The book might also have benefited from a more sustained comparative perspective. Grayzel’s analysis remains firmly anchored in the British case, yet interwar anxieties about chemical warfare were far from unique. As Peter Thompson has shown in his work on gas masks and civil defence in interwar Germany, fears of aerial gas attack similarly permeated German political culture, where preparedness was bound not only to civilian protection but to projects of national discipline, bodily regulation, and ideological mobilisation. Read alongside Paul Skrebels’ work on the cultural legacy of First World War gas warfare, particularly his analysis of how gas came to symbolise a uniquely modern, indiscriminate, and morally transgressive form of violence, such a comparison could have sharpened Grayzel’s argument. It would have allowed the gas mask to be situated within a transnational memory of chemical warfare, rather than as a predominantly British artefact, and further illuminated how ‘preparedness’ could slide between reassurance, coercion, and militarised social control in different political systems.

This absence is particularly evident in the book’s brief treatment of the relationship between the gas mask and the Holocaust. Here, the object’s meaning was fundamentally inverted: from a device intended to protect civilian life to an instrument that enabled industrialised mass murder. Gas masks were routinely issued to German personnel operating gas vans and chambers, allowing perpetrators to function efficiently within environments rendered lethal to their victims and formalising a stark moral asymmetry between protected and disposable bodies. This inversion is especially striking given Grayzel’s repeated emphasis on gas inflicting a form of death understood to be uniquely inhumane, creating, as she writes, ‘a world where the enemy might deliberately poison the air around you to kill without discrimination, a world where you carried the tangible reminder that, at any moment and without warning, you could cease to breathe.’

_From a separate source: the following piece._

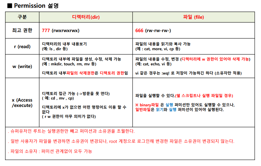 - 디렉터리를 수정할 때 유의해야할 점은 디렉터리에 접근하려면 실행권한이 무조건 있어야한다. rw권한은 있는데 x권한이 없으면 아무것도 할 수 없다.

What the book does not fully explore is how this genocidal deployment of gas decisively reshaped the gas mask’s symbolic afterlife. It can be argued that the Holocaust fixed the object’s association with facelessness, dehumanisation, and bureaucratised killing, transforming it from a symbol of collective protection into one of technological domination and moral rupture. Seen in this light, the persistence of gas mask imagery in postwar popular culture takes on sharper meaning. From Darth Vader and the Imperial stormtroopers in Star Wars to the dystopian aesthetics of video games such as Fallout, Battlefield, and Call of Duty, the gas mask rarely appears as a benign artefact of civil defence. Instead, it signals authoritarian power, the mechanisation of violence, and the reduction of human bodies to interchangeable units. Read as part of the gas mask’s post-Holocaust mnemonic afterlife, these representations suggest that it was not interwar preparedness but genocidal modernity that most decisively reoriented the object’s symbolic charge, from reassurance to menace, from protection to oppression.

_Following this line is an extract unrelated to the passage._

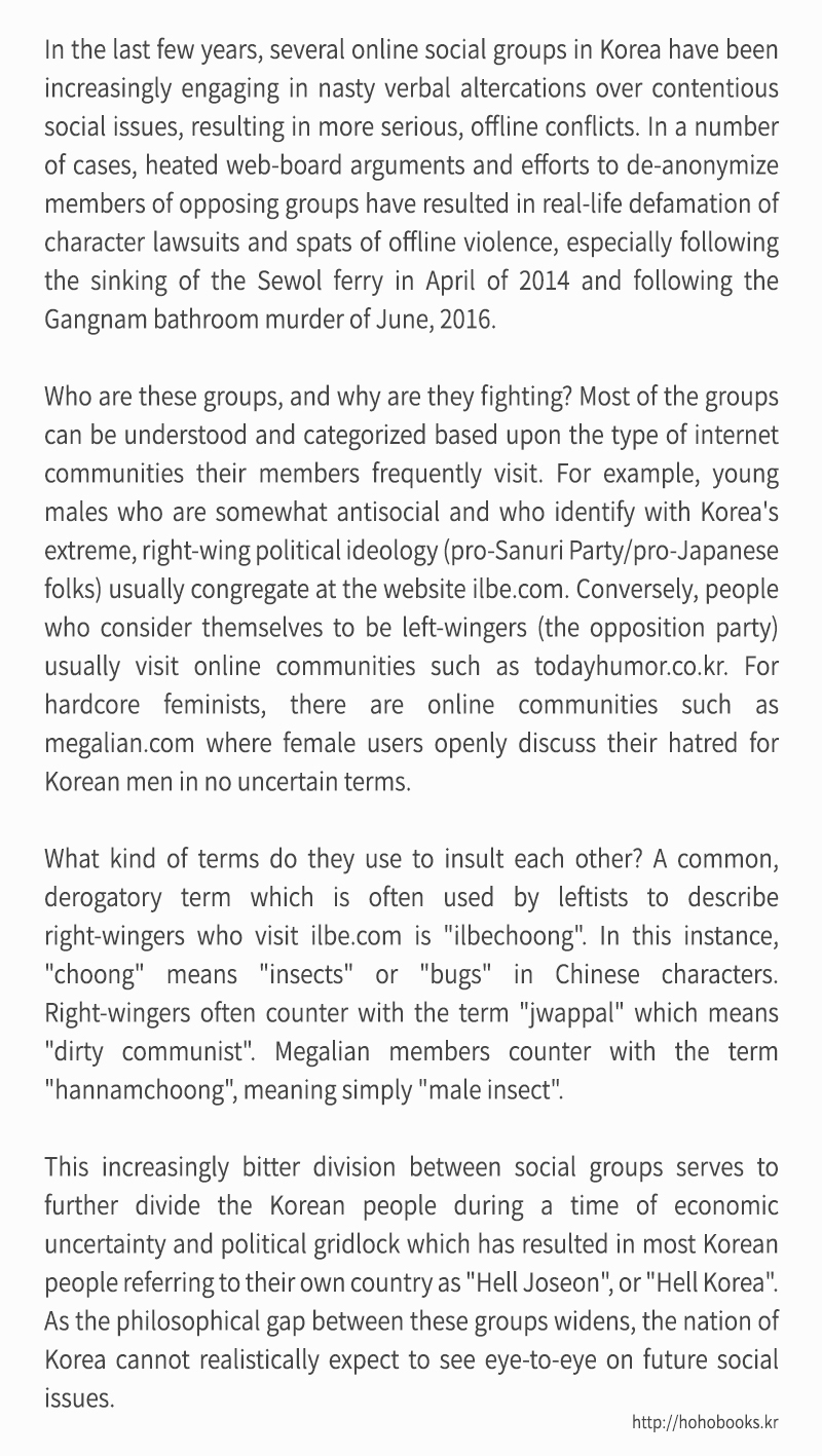 ±×µéÀº ¼­·Î¸¦ °æ¸êÇϱâ À§ÇØ ¾î¶² Á¾·ùÀÇ ¿ë¾î¸¦ »ç¿ëÇϴ°¡? ilbe.com¿¡ ¹æ¹®ÇÏ´Â ±Ø¿ìÁÖÀÇÀÚ¸¦ ¼³¸íÇϱâ À§ÇØ ÁÂÀÍÀÌ »ç¿ëÇÏ´Â ÀϹÝÀûÀÎ °æ¸êÇÏ´Â ¿ë¾î´Â ¡°ÀϺ£Ã桱ÀÌ´Ù. ÀÌ °æ¿ì¿¡, ¡°Ãæõù¡±Àº ÇÑÀÚ·Î ¡°¹ú·¹¡±¸¦ ÀǹÌÇÑ´Ù. ¿ìÀÍÀº Á¾Á¾ ¡°¾ÇÁúÀûÀÎ °ø»êÁÖÀÇÀÚ¡±¸¦ ¶æÇÏ´Â ¡°Á»¡¡±À̶ó´Â ¿ë¾î·Î ´ëÀÀÇÑ´Ù. ¸Þ°¥¸®¾ÆÀÇ ÀÌ¿ëÀÚµéÀº ´Ü¼øÇÏ°Ô ¡°£¨Çѱ¹£©³²ÀÚ ¹ú·¹¡±¸¦ ÀǹÌÇÏ´Â ¡°Çѳ²Ã桱À̶ó´Â ¿ë¾î·Î ¸Â´ëÀÀÇÑ´Ù.

Ultimately, The Age of the Gas Mask is an authoritative and richly textured history of a material object and its immediate social world. Grayzel’s archival work and cultural sensitivity are exemplary. Yet by stopping short of engaging with theories of collective and cultural memory, the book misses a vital opportunity to update our understanding of how the imagery of the First and Second World Wars continues to haunt the present. The gas mask, as Grayzel so clearly shows, did not disappear in 1945; its meanings merely changed. That afterlife, in a time of renewed chemical warfare in Ukraine, remains ripe for further exploration.

 The Age of the Gas Mask: How British Civilians Faced the Terrors of Total War by Susan R. Grayzel (Cambridge: Cambridge University Press, 2022; 288pp.; £26.00)

Daniel Schuster is a PhD candidate in History at the University of Kent. His research explores how Britain’s Second World War memory is contested and re-authorised in digital media, with a focus on online reactions to the Dresden bombing.